With the rapid development of deep learning technology, a growing body of research is directing its focus toward its application in financial investment decision-making (Liu et al., 2020). For instance, the transformer model, a deep learning model based on self-attention mechanisms, was initially introduced in the field of natural language processing. In the financial domain, researchers have applied the transformer model to time series forecasting. It improves modeling capabilities for market dynamics by capturing global dependencies within sequences. Despite its advantage in simultaneous long-range dependency handling, its drawback lies in its relatively high computational complexity, especially when confronted with large-scale financial data. Secondly, echo state networks (ESN) is a variant of recurrent neural networks specialized in dynamic systems with time delays (Georgopoulos et al., 2023). In finance, ESNs are used to model nonlinear relationships and long-term dependencies in time series data.

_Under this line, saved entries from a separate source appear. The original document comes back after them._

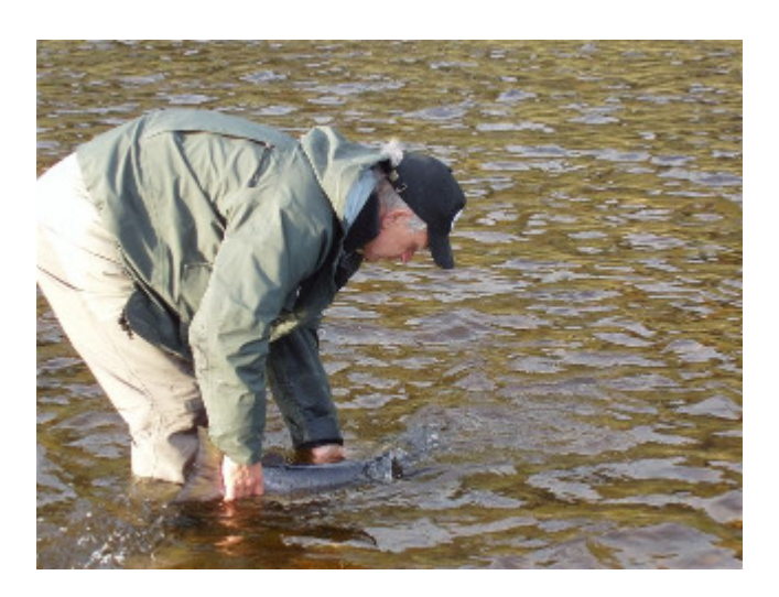
Figure 12: When the water temperature is below 17-18 °C and the fish is properly handled, the mortality of caught and released Atlantic salmon is low (0-6 %).

The consequences of injuries to fish, and the associated physiological or behavioural responses, depend on dose (degree of exposure) and tissue response, such as wounds and bleeding in relation to various environmental factors as water temperature, water chemistry and the presence of predators. Secondary infections may also be an important factor determining the final outcome of injuries. It is therefore very difficult to determine the minimum level of injuries or physiological or behavioural responses that will always be lethal to the fish as they will depend on other biotic and abiotic factors. However, serious and sustained bleeding from the gills or gill arches is an injury that in most cases will be fatal.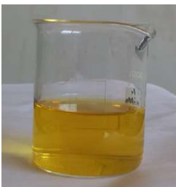
Figure 11: Turmeric Powder Extraction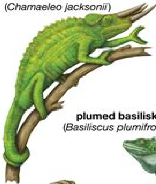
Jackson's chameleon ( Chamaeleo jacksonii )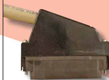
Male Connector 110° Hood

Cabling Excellence for Open Architecture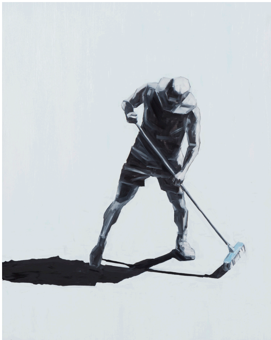
Labour Hire , 2019 Oil on aluminium in powder-coated steel frame, 60 x 75cm NFS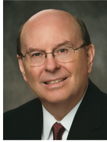
Quentin L. Cook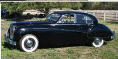
EARLY SEDAN PARTS AND ACCESSORIES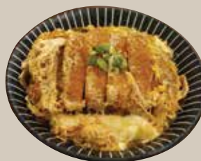
Katsu Don 11.95 かつ丼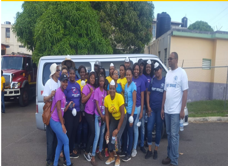
Staff members from the St. Elizabeth Health Services who participated in the clean-up activities.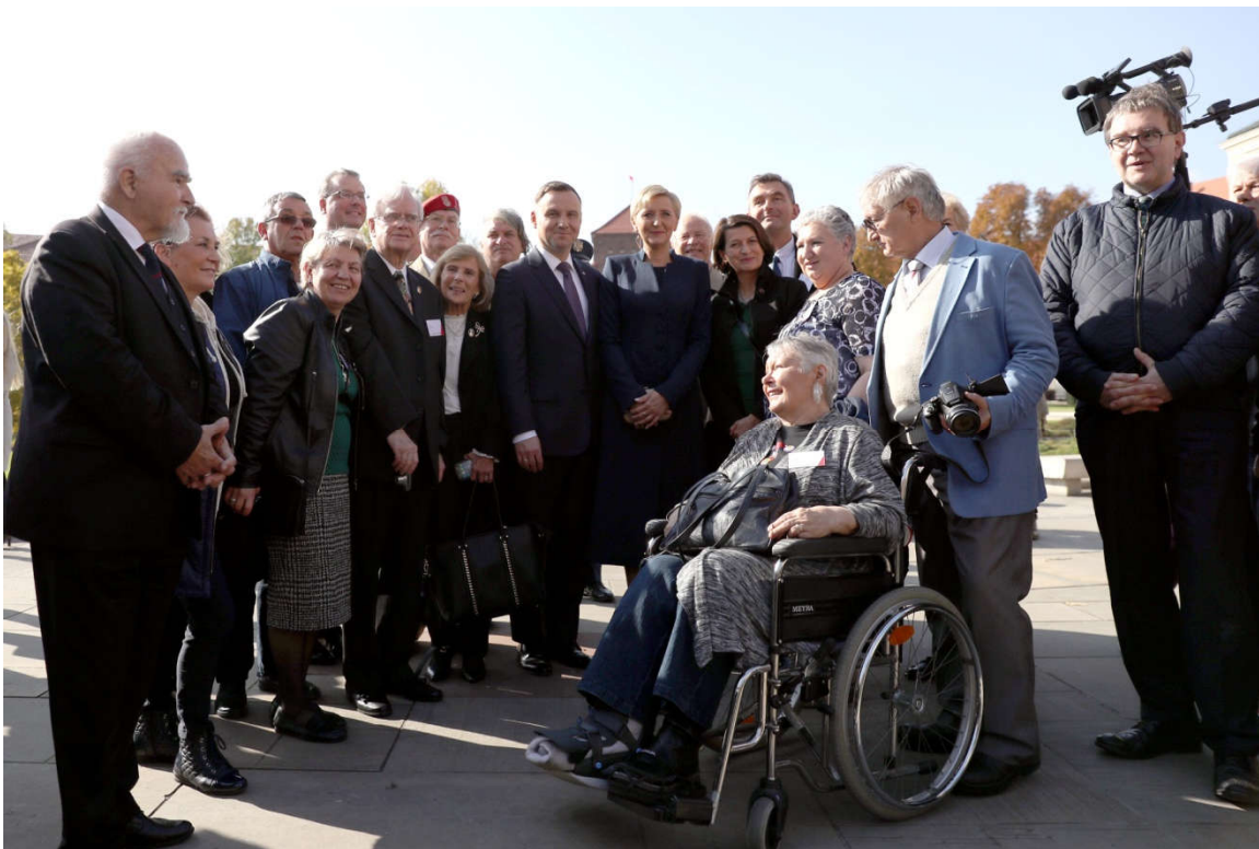
A photo with the President of Poland, Dr Andrzej Duda and the First Lady, Agata Duda-Kornhauser (at the centre).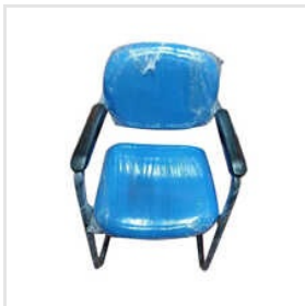
Office Visitor Chair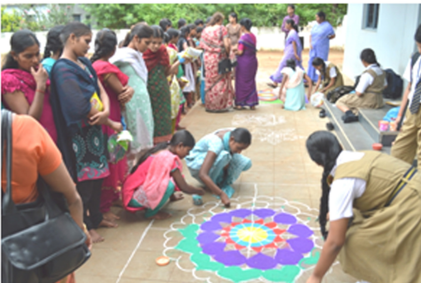
A riot of colours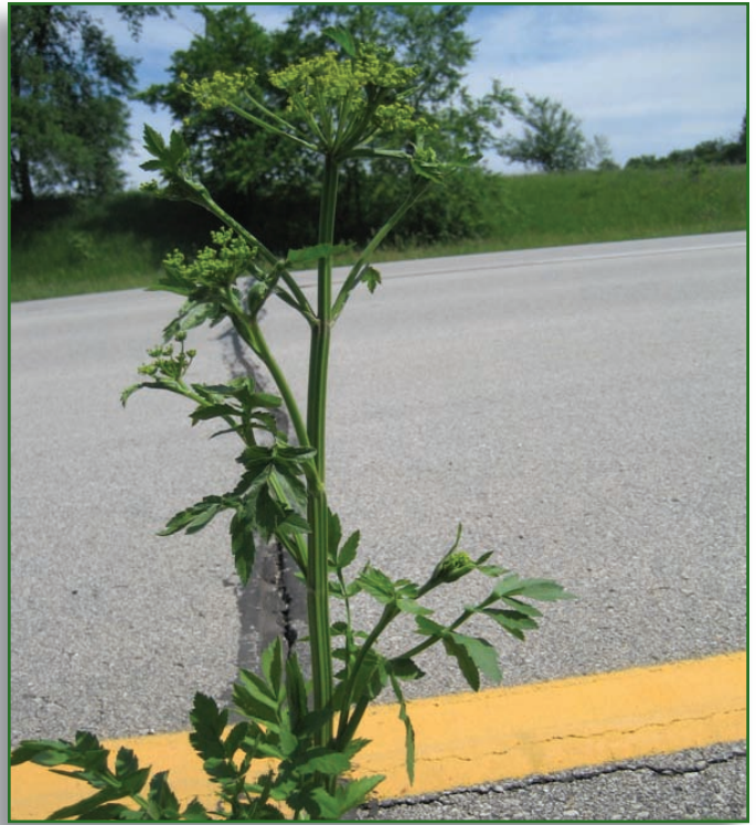
Wild parsnips along a roadside

These networks capture dynamic patterns in financial markets through the construction of dynamic internal states. However, ESNs may be influenced by local optima when dealing with certain complex financial scenarios (Wang et al., 2022).

Capsule networks (CapsNets), on the other hand, are a different approach to image processing compared to traditional convolutional neural networks (Bian et al., 2021). They attempt to better capture hierarchical feature structures. In finance, CapsNets are used for the classification and prediction of time series data (Li et al., 2021). This model can better model postures and relationships of features but still faces challenges when handling complex relationships in large-scale financial data. Lastly, generative adversarial networks (GANs) are a category of generative models consisting of a generator and a discriminator, trained through adversarial training to generate fake samples that resemble real ones. In finance, GANs are used to generate synthetic financial time series data with similar features. This provides more training samples, helping to improve the model's generalization performance. However, further research is needed to ensure the quality and authenticity of the generated financial time series data (Shah et al., 2023).

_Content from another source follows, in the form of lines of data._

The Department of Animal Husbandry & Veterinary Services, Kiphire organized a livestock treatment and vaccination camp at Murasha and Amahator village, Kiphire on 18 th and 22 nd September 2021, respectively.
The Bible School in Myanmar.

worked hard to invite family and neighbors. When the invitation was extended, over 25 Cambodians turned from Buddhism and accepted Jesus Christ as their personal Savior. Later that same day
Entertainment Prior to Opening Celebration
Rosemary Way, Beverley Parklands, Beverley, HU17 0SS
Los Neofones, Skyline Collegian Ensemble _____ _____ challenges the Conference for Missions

These deep learning models provide diverse tools and methods for the financial domain, offering investors more accurate and practical decision support (Han & Yuan, 2023). However, researchers still need to deepen their understanding of the application of deep learning in financial investment to better adapt to the dynamic changes in the market. In the future, continuous innovation and refinement of deep learning models hold the promise of providing more reliable and efficient solutions for financial investment decision-making (Cheng et al., 2019).